Traditional medicine, on the other hand, may fall into three main categories. There are diviners who purport to foretell the future and communicate with spirits in order to effect healing by supernatural means. Then there are the herbalists who use plants and their extracts to treat various afflictions. Finally, there are the witches and wizards who purportedly cast spells and claim to be able to reverse them for the right price. Other traditional healers use a combination of these methods to deal with the various problems afflicting a human being.

There is some evidence that at least some of the methods and concoctions administered by traditional healers may be effective under certain circumstances. However, most of this evidence falls in the lowest category of medical evidence known as anecdotal evidence, or word of mouth.

The problem with this type of evidence is that despite spectacular claims of efficacy in a few individuals, it takes very little evidence of harm to render it invalid. It is also difficult to sustain the claims of anecdotal evidence when arrayed against scientific evidence derived from studies with tens of thousands of participants.

Another problem with traditional medicine is that it is difficult to explain to anyone how these methods work.
This is in stark contrast to the so-called conventional medicine which, because of extensive research information, is able to demonstrate the expected effects and side-effects of any treatment that is prescribed.

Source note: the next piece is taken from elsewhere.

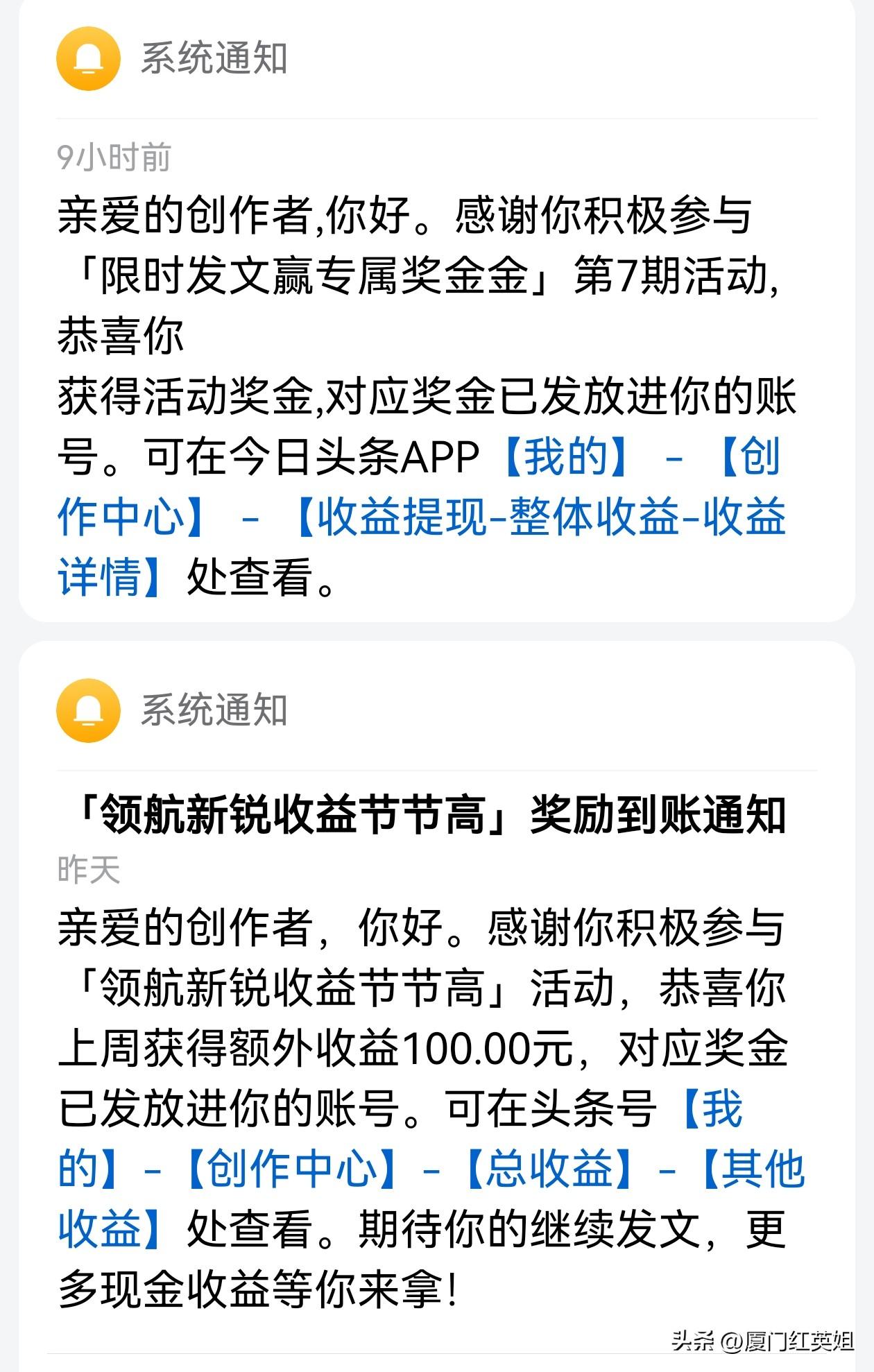 头条对新锐作者鼓励越来越好了,又被邀请参加20~26日的活动,我达到50万的阅读量,今天奖励500元到账了,而且与【领航新锐节节高】补贴活动奖励叠加,基本每周二都会获得100元的奖金。本周一共奖励600元。 越努力越幸运!喜欢这种厚积薄发的感觉!

Traditional medicine practitioners, therefore, have a hurdle that they must overcome before they can be incorporated into the regular framework of the public healthcare system. Firstly, they must open up their methods to scrutiny in a scientific manner. They must keep records of their clients and allow research to be conducted to demonstrate whether their treatments work as purported or not.

Second, they must allow their treatments to be described and standardised, and develop a training system that ensures that the treatments are used in an ethical manner. Finally, they must acquaint themselves with the functioning of the public health system, in order to determine at what level they will fit.

It is obvious that were they to follow the prescription above, they would end up being “modern doctors”, and their treatments would be indistinguishable from “modern medicine”. Perhaps this is the way to go.

As we have observed before, there is neither “traditional” nor “conventional” medicine. There is only medicine that works!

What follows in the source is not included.